One of the (many) things I would say makes Woolf a great writer is her transitions as she moves through thought, character, space, and time. But, in this essay, she shoehorns in a scene change by having the narrator step into a boot shop, where she is given occasion to ask the question, ‘what, then, is it like to be a dwarf?’ ” when a 'dwarf' enters


“escorted by two women who, being of normal size, looked like benevolent giantesses behind her. Smiling at the shop girls, they seemed to be disclaiming any lot in her deformity and assuring her of their protection. She wore the peevish yet apologetic expression usual on the faces of the deformed. She needed their kindness, yet she resented it. But when the shop girl had been summoned and the giantesses, smiling indulgently, had asked for shoes for ‘this lady,’ and the girl had pushed the little stand in front of her, the dwarf stuck her foot out with an impetuosity which seemed to claim all our attention. Look at that! Look at that! She seemed to demand of us all, as she thrust her foot out, for behold it was the shapely, perfectly proportioned foot of a well-grown woman. It was arched; it was aristocratic. Her whole manner changed as she looked at it resting on the stand.

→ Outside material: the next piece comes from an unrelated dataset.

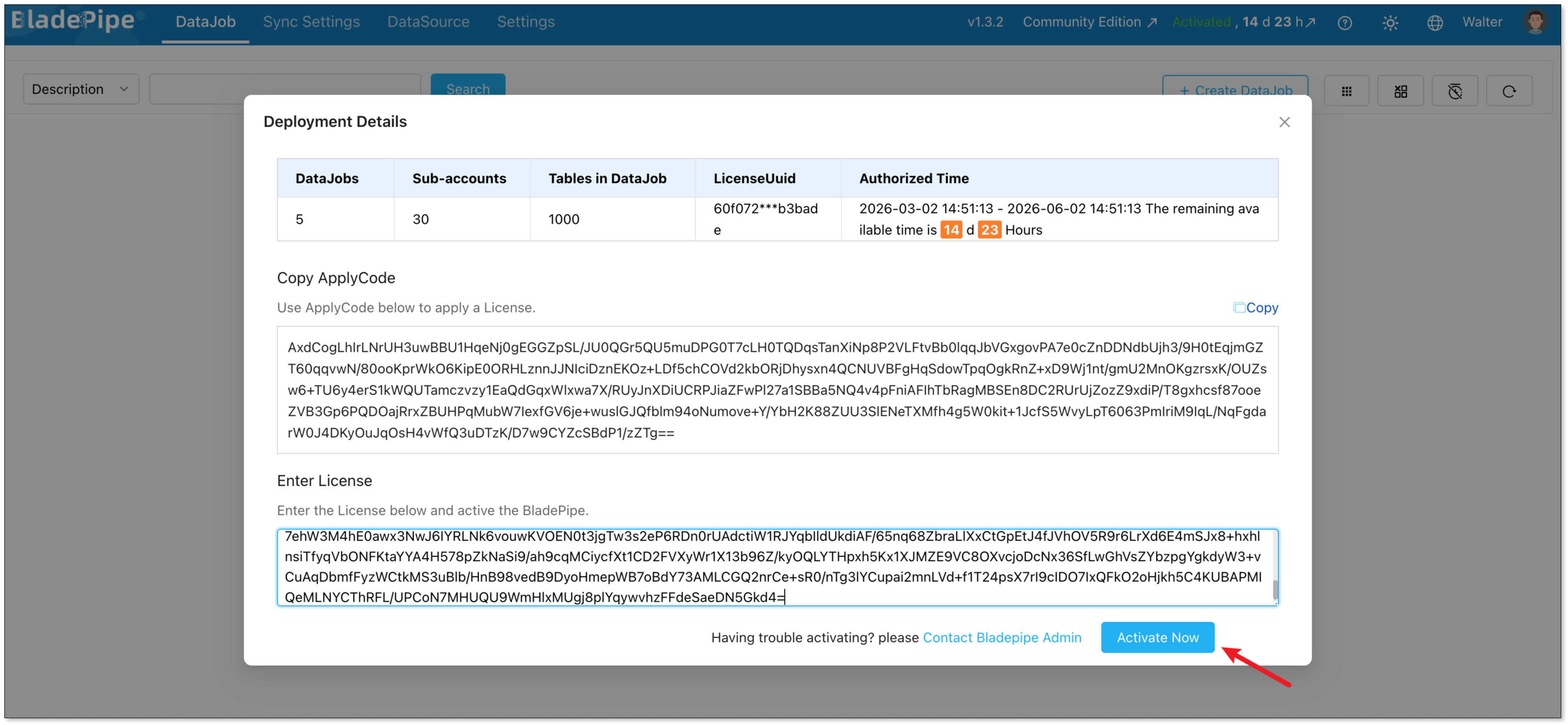 - In the Deployment Details dialog, paste the license to the Enter License box, and click Activate Now.

She looked soothed and satisfied. Her manner became full of self-confidence. She sent for shoe after shoe; she tried on pair after pair. She got up and pirouetted before a glass which reflected the foot only in yellow shoes, in fawn shoes, in shoes of lizard skin. She raised her little skirts and displayed her little legs. She was thinking that, after all, feet are the most important part of the whole person; women, she said to herself, have been loved for their feet alone. Seeing nothing but her feet, she imagined perhaps that the rest of her body was of a piece with those (37) beautiful feet. She was shabbily dressed, but she was ready to lavish any money upon her shoes [...] at length, the pair was chosen and, as she walked out between her guardians, with the parcel swinging from her finger, the ecstasy faded, knowledge returned, the old peevishness, the old apology came back, and by the time she had reached the street again she had become a dwarf only.” (*)


The narrator leaves the boot shop and resumes her walk, but finds her encounter with the disabled woman:


“had changed the mood; she had called into being an atmosphere which, as we followed her out into the street, seemed actually to create the humped, the twisted, the deformed.” (*)


A few pages later (39), the narrator is asking “Or is the true self neither this nor that, neither here nor there, but something so varied and wandering that it is only when we give the rein to its wishes and let it take its way unimpeded that we are indeed ourselves?” (*)


She enjoys her own experience of unimpeded seeing, of moving through the city aloof from human transactions and the demands of others on her personality; compare that freeing to the disabled woman’s fleeting and contingent thrill at feeling herself seen the way she would like to be seen through the eyes of others.